Miami-based Motorsport is scheduled to sell shares to the public on Tuesday. The company announced Monday it increased the IPO’s shares to 3 million and at a price of $19 to $20 each. That’s up from 2.35 million shares at $16 to $18 the company originally offered.The 28% stake in Charlotte, North Carolina-based 704Games was purchased at a discount by Motorsport from minority holders such as billionaire Phil Falcone’s HC2 Holdings, and came at the expense of other 704Games investors, according to the lawsuit. The additional stake now represents $94 million in value to Kozko and Motorsport, the 704Games investors said.
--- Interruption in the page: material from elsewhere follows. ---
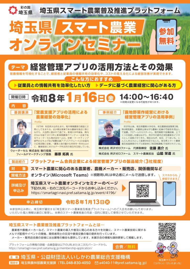 当プラットフォームと連携して活動している埼玉県スマート農業普及推進プラットフォームより「経営管理アプリの活用方法とその効果」をテーマにセミナーが開催されます。管理者と従業員の情報共有の効率化や、コストの見える化など、営農情報のデジタル化による経営改善効果について、実際の活用事例を交えて知ることができる内容となっておりますので、ご興味のある方はぜひご参加ください!

The 704Games investors contend Kozko and Motorsport officials are improperly using the IPO to “monetize the captured value” of the discounted shares to increase their stake in the company to more than 82% on the cheap.A representative for Motorsport and Kozko wasn’t immediately available for comment on the suit Monday.

As controlling shareholder, Kozko violated legal mandates that he allow 704Games’ board first shot at the discounted shares so it could offer “a substantial, low-cost return to all of the company’s remaining shareholders,” investors’ said in the 22-page complaint.Motorsport Games is the official developer and publisher of the Nascar video-game franchise. It also has a license to produce games for the British Touring Car Championship, or BTCC, according to a press release.

The case is Ascend FS Inc. v. Motorsport Gaming US LLC, No. 119396706, Florida Circuit Court for the Eleventh Judicial Circuit (Miami).